Phase 2 – Actors (15 minutes)

Ask the room:

“Whose behaviour, if it changed, would affect this goal? I want names or roles, not ‘users.’ Specific enough that we could identify them in our database or watch them at their desk.”

The team writes actors on yellow notes and places them in the second column. Actors can be external (subscribers, prospects, referrers, suppliers, journalists) or internal (support agents, warehouse staff, operations). They can be automated (the billing cron, the churn-prediction model, the weekly newsletter). Automated actors are first-class here — a scheduled job that sends the wrong email affects the goal exactly as much as a person who does.

Push for specificity:

“‘Subscribers’ is too broad. Which subscribers? First-month subscribers? Subscribers who’ve paused once and come back? Subscribers whose delivery day has changed in the last sixty days?”

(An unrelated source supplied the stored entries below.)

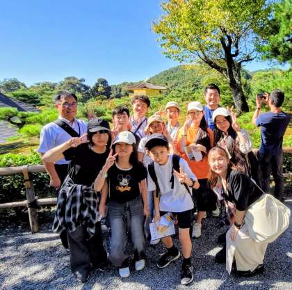 金閣寺に到着しました。たくさんの人で溢れていましたが、みんなに隙間に入り込み、いろいろな角度から写真を撮りました。天気が最高だったので、金閣寺も一段と輝いていました。
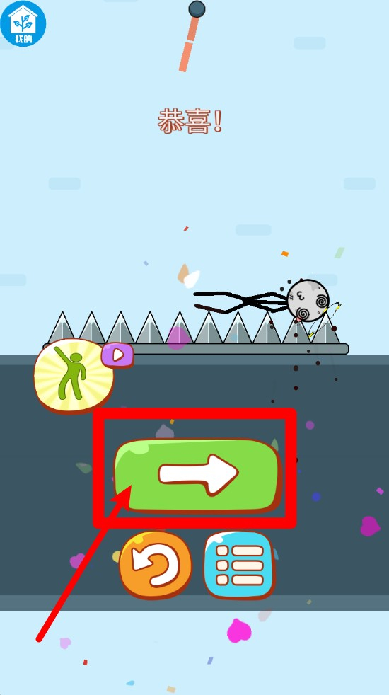 3. 通关后,系统会自动显示“恭喜”,此时只需点击绿色的右箭头按钮,就可以进入下一关继续游戏了。
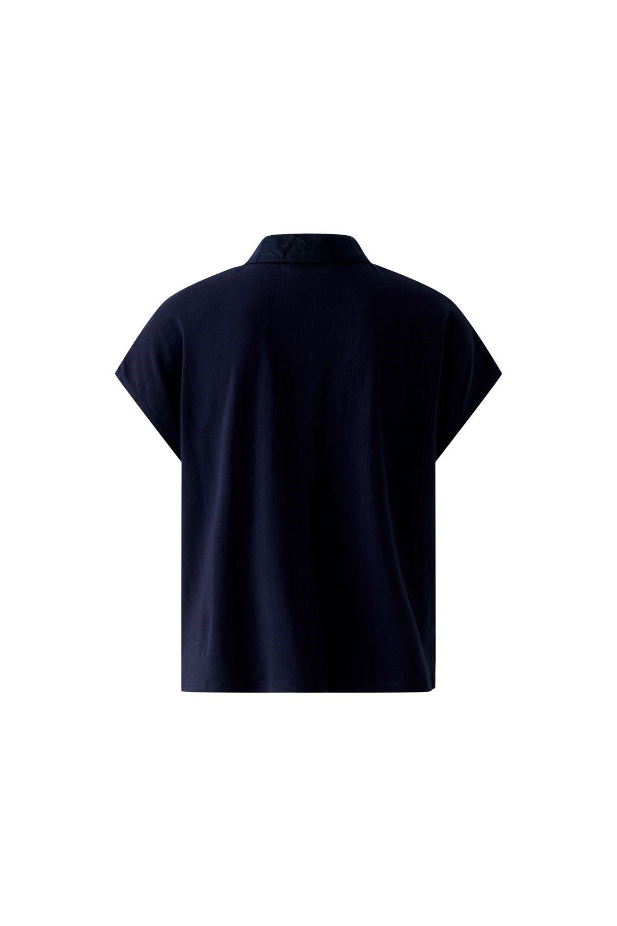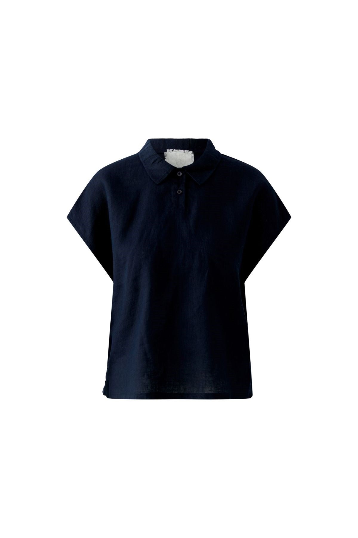Clean, crisp, and effortlessly refined, this cap-sleeve top features a structured collar and minimalist silhouette. Crafted in breathable fabric, it merges classic tailoring with relaxed ease. A versatile essential for warm-weather polish.
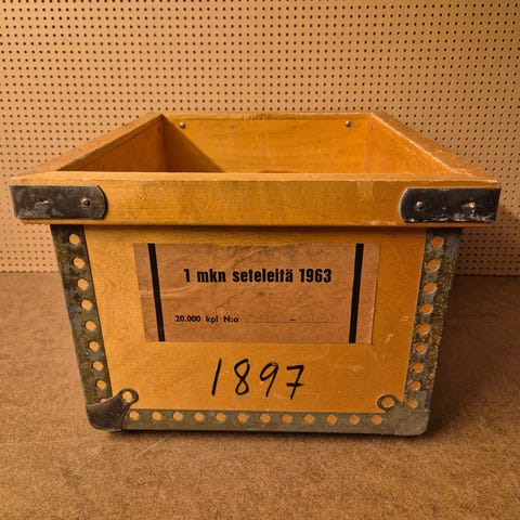 Myynnissä myös hieman matalampi vanha vanerilaatikko.
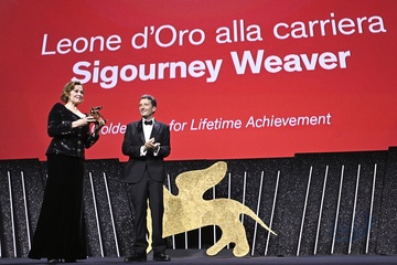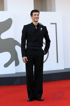 Arthur Conti na czerwonym dywanie, gdzie wyświetlany był film „Sok z żuka” podczas wieczoru otwarcia 81. Międzynarodowego Festiwalu Filmowego w Wenecji

Different slices of subscribers have different behaviour, and the map gets useful when the slices are named.

What to watch for:

  • Jumping to deliverables. “We need a referral programme.” That’s a blue note. Pull it back: “Who would use the referral programme? What behaviour would change? Start from the actor.”
  • Forgetting internal actors. Teams focus on external customers and forget that their own support team, warehouse, or on-call engineer is an actor whose behaviour affects the goal.
  • Forgetting adversarial actors. Churning subscribers are actors. People who try the service and don’t convert are actors. Don’t only list the actors you want to help.
  • Too many actors. Above eight, the map becomes unreadable. Group the similar ones or focus on the actors most central to the goal.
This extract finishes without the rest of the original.